= Supplied data =
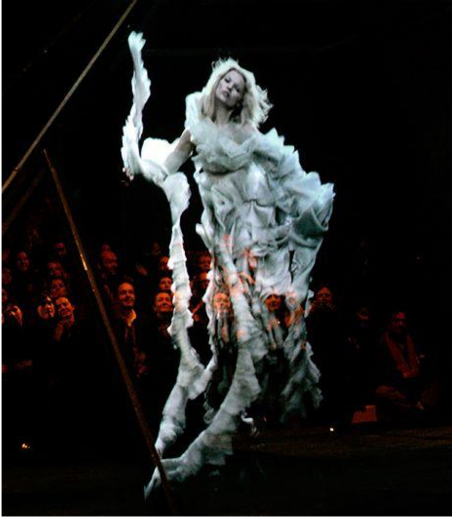
Fotograf 14. Alexander McQueen – 2006, Kate Moss.

http://tr.pinterest.com/pin/456482112202862615/ , adresinden 14 mart 2104 tarihinde alınmıştır.
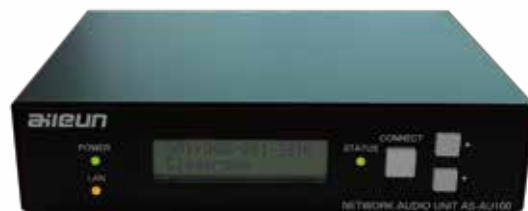
ネットワークオーディオ ユニット AS-AU100

= What you should do =
The answer should consist of every line above, exact and free of images.

= Response area =
Fotograf 14. Alexander McQueen – 2006, Kate Moss.

http://tr.pinterest.com/pin/456482112202862615/ , adresinden 14 mart 2104 tarihinde alınmıştır.
ネットワークオーディオ ユニット AS-AU100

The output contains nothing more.